De Voorzitter kan de verzekering geven, dat in eene zaal waar de archieven ten behoeve der Commissie van liquidatie werden geborgen, geen stuk is achtergebleven. De heer Hingman werd destijds aangewezen om de stukken naar de verschillende plaatsen van waar ze kwamen terug te zenden en hij Voorzitter heeft zich overtuigd dat, wat de documenten in die zaal althans betreft, aan die opdracht is voldaan.

De heer Muller betreurt het, niet vooraf te hebben geweten dat dit onderwerp ter sprake zou worden gebracht. Anders toch had hij de hem ten dienste staande gegevens nog

eens kunnen nazien. Hoe dat zij, twee vragen zijn thans te beantwoorden. Eerstens of men de bedoelde archieven zal opdringen aan de gemeenten die ze niet wenschen terug te nemen en ten tweede of men de gemeenten die ze niet willen afstaan daartoe zal dwingen. Beide vragen moet hij ontkennend beantwoorden. Wat meer bizonder de tweede betreft, merkt hij op dat, daargelaten hoe de toestand in andere provinciën moge zijn geweest, in de provincie Utrecht, uitgenomen eenige plaatsen na aan de Hollandsche grenzen gelegen, de wees- en momboirkamers uitsluitend administreerende lichamen waren; rechterlijke bevoegdheden kwamen hun niet toe. In die provincie zullen derhalve de gemeenten die tot afstand dier archieven ongezind blijken daartoe zeker niet mogen worden gedwongen.

De heer Feith constateert dat in de provincie Groningen een wees en momboirkamer werd gevonden. Haar archief is destijds naar 's Gravenhage opgezonden en van daar ook weder teruggekeerd. Voor zooveel het in het onder zijn beheer staand archief aanwezig is, heeft hij daaraan eene afzonderlijke plaats gegeven. Bij de rechterlijke archieven toch was het niet in te deelen, dewijl de genoemde kamer een administratief lichaam was.
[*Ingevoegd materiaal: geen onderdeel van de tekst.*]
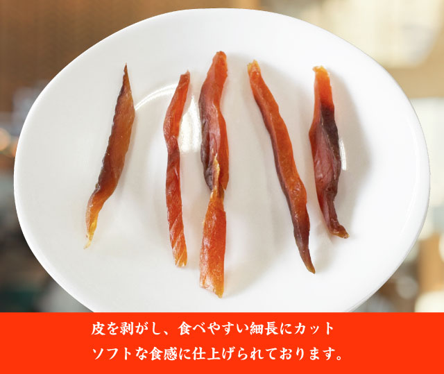 食べやすいよう、皮を剥ぎ細切り仕様。

De heer Bondam vraagt of dan die Groninger weeskamer, om maar iets te noemen, geene voogden aanstelde of beëedigde en rekeningen afhoorde.

De heer Feith antwoordt: wel zeker, maar zijn dat wel zuiver rechterlijke functiën? Iets anders ware het zoo zij vonnissen uitbracht, etc.
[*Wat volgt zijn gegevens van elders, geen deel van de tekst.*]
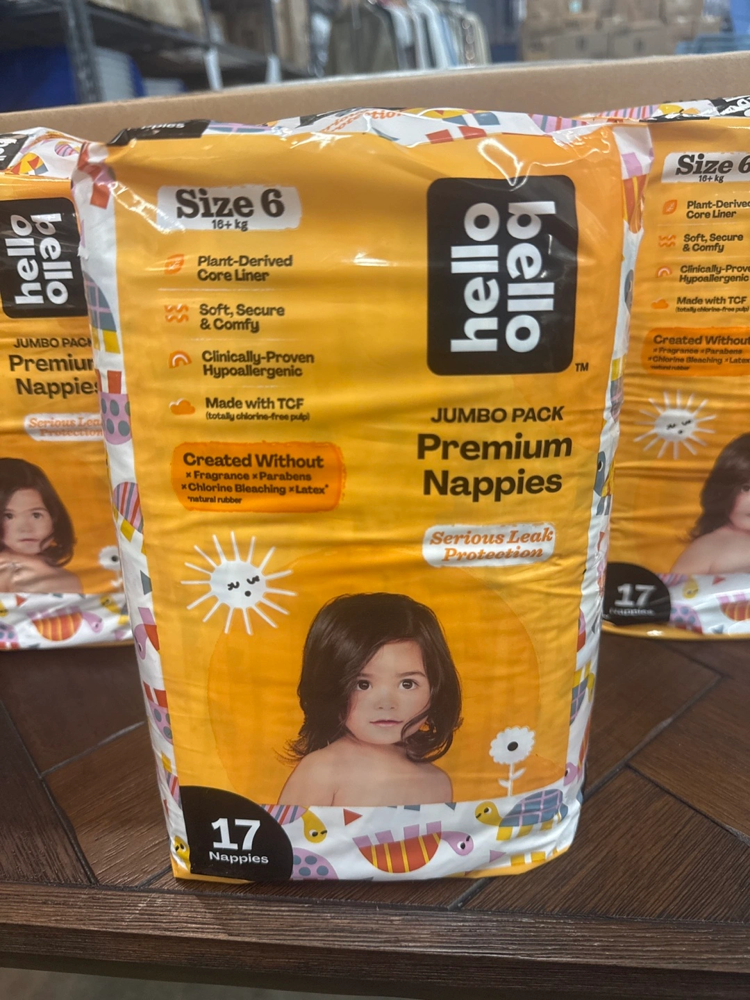Selling Hello Bello Premium Nappies in Size 6 (16+ kg). These nappies are plant-derived, soft, secure, and comfy. They are clinically-proven hypoallergenic and made with TCF (totally chlorine-free pulp). Each jumbo pack contains 17 nappies. Great for your little one! We are selling diapers in bulk 15$ each box 4 packs per box Call me if you have any questions my name is Mathew 647 803-0111

De heer Bondam meent dat het begrip van rechterlijke functiën door den heer Feith te eng wordt getrokken en bij uitsluiting der voluntaire, beperkt tot de contentieuse rechtspraak.

De heer Muller oordeelt dat men tot de rechterlijke functiën min of meer zou kunnen brengen het opmaken van akten Voor weesmeesters, doch bezwaarlijk het aanstellen en beëedigen van voogden of het afhooren van rekeningen.

De heer Berns deelt mede dat in Friesland geene weeskamers bestonden. De functiën, elders aan die kamers verbonden, werden daar door de rechterlijke macht uitgeoefend. Ten einde tot meerdere eenheid te komen slaat hij voor ze eenvoudig te brengen tot de rechterlijke archieven.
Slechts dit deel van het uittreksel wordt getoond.